• [TASK STATEMENT]:
Retype, without changes or pictures, only the lines that begin at the one containing "Replacing standard fixtures" and end at the last line of the records that follow.

Dataset entries
=== Section Start ===

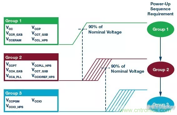 市场中较新的FPGA在规格中会提供针对启动和关断电源时的序列顺序提出特定的要求,确保FPGA正??艏案次?,保持最小的电流消耗,并在电源转换期间将I/O保持在正确的三态配置下。再以Arria 10为例,其技术规格将电源分为三个序列组(1、2、3),并要求它们按升序排列为1、2、3,然后按相反的顺序降序排列:3、 2、1。
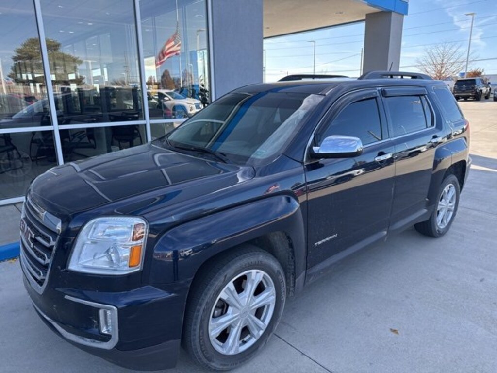 Located at Dale Willey Automotive Used Car and Truck Center / 2800 Iowa St, Lawrence, KS 66046. 2017 GMC Terrain Dark Sapphire Blue Metallic SLE-2 FWD 6-Speed Automatic 3.6L V6 DGI DOHC VVT RECENT TRADE IN, HEATED SEATS, Terrain SLE-2, 4D Sport Utility, 3.6L V6 DGI DOHC VVT, 6-Speed Automatic, FWD, Dark Sapphire Blue Metallic, Jet Black Cloth, Alloy wheels, Bluetooth® For Phone, Chrome Accented Grille (LPO), Chrome Door Handles, Chrome Edition, Chrome Power-Adjustable Heated Outside Mirrors, Convenience Package, Dual front impact airbags, Dual front side impact airbags, Electronic Stability Control, Exterior Parking Camera Rear, Fully automatic headlights, Heated Driver & Front Passenger Seats, IntelliLink, Leather-Wrapped Steering Wheel, Occupant sensing airbag, Overhead airbag, Pioneer Premium 8-Speaker System, Preferred Equipment Group 3SB, Radio: Color Touch AM/FM Stereo, Remote Keyless Entry, Remote Vehicle Start, Single-Zone Automatic Climate Control, SiriusXM Satellite Radio, Steering wheel mounted audio controls.
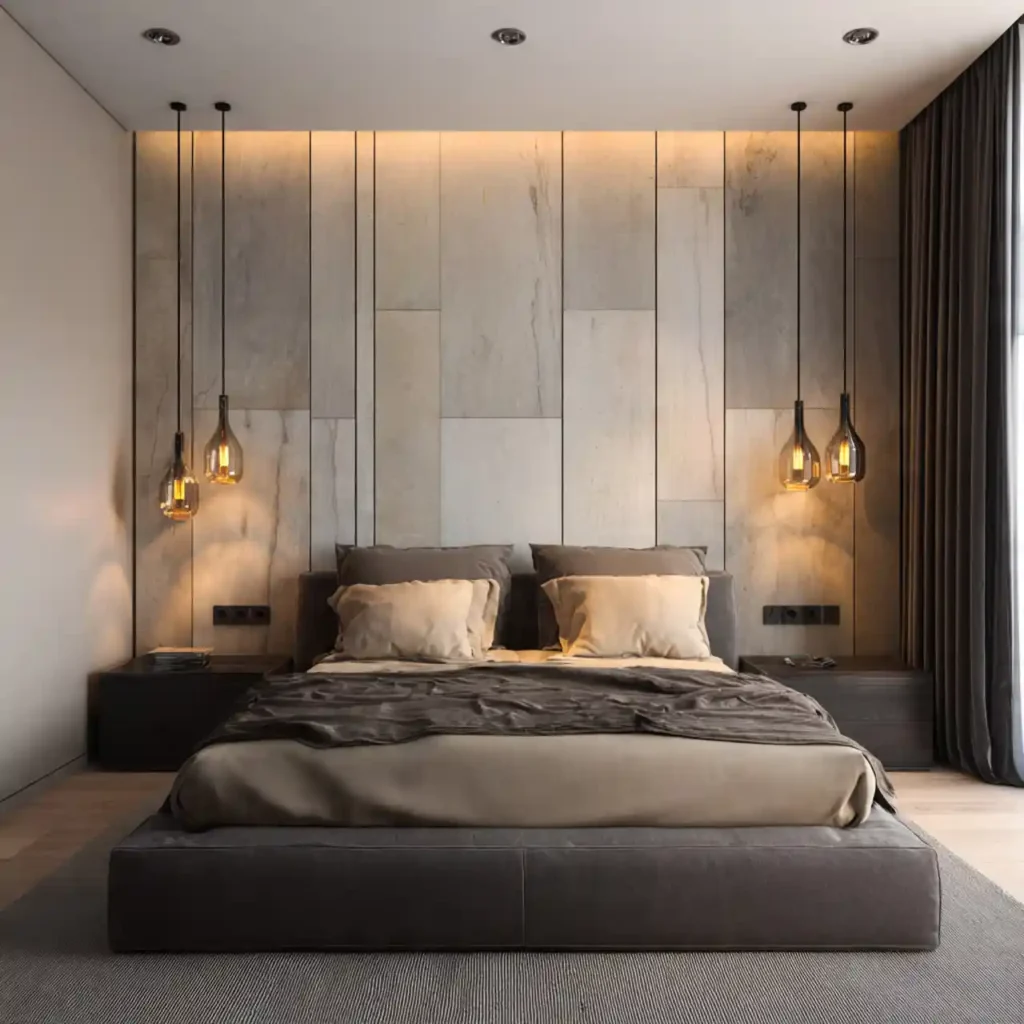 Replacing standard fixtures with sculptural pendants adds drama. Hanging lights on either side of the bed feel modern and bold. Pendant lighting frees up nightstand space. It creates vertical interest and movement. This feature feels curated and custom.
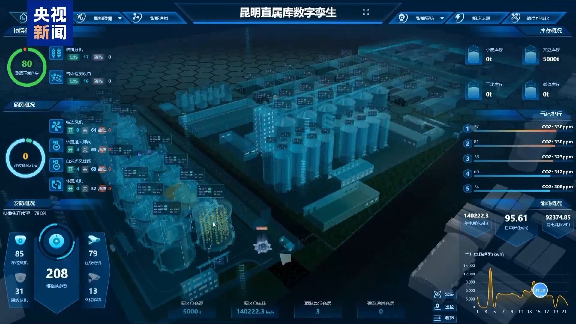 在昆明直属库中控室,管理团队借助眼前这个数字孪生系统,不出半个小时就可完成300多亩库区的“云上”巡检和数字漫游,复杂多变的粮食存储状态,在这里变成简单明了的“彩色温湿度地图”。
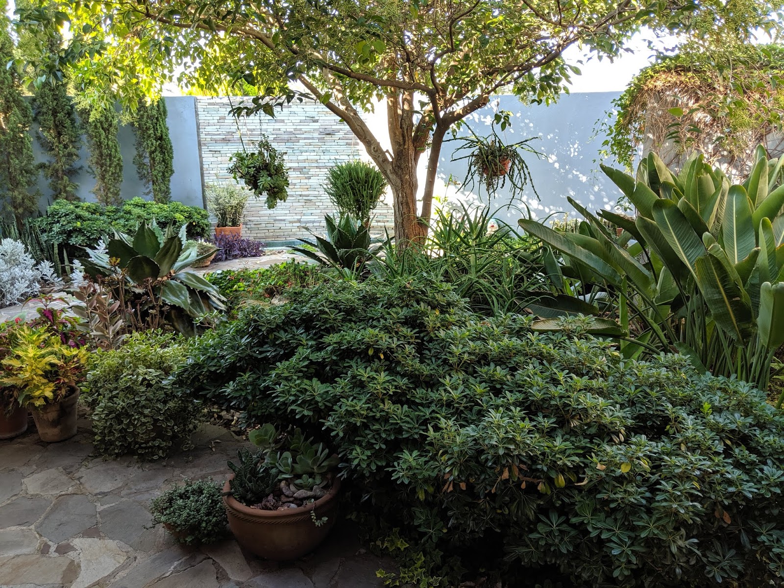 | This patio in the front, protected by walls on all four sides, is a shady micro-climate, accommodating a variety of plants. |

=== Section End ===

• [SOLUTION]:
 Replacing standard fixtures with sculptural pendants adds drama. Hanging lights on either side of the bed feel modern and bold. Pendant lighting frees up nightstand space. It creates vertical interest and movement. This feature feels curated and custom.
 在昆明直属库中控室,管理团队借助眼前这个数字孪生系统,不出半个小时就可完成300多亩库区的“云上”巡检和数字漫游,复杂多变的粮食存储状态,在这里变成简单明了的“彩色温湿度地图”。
 | This patio in the front, protected by walls on all four sides, is a shady micro-climate, accommodating a variety of plants. |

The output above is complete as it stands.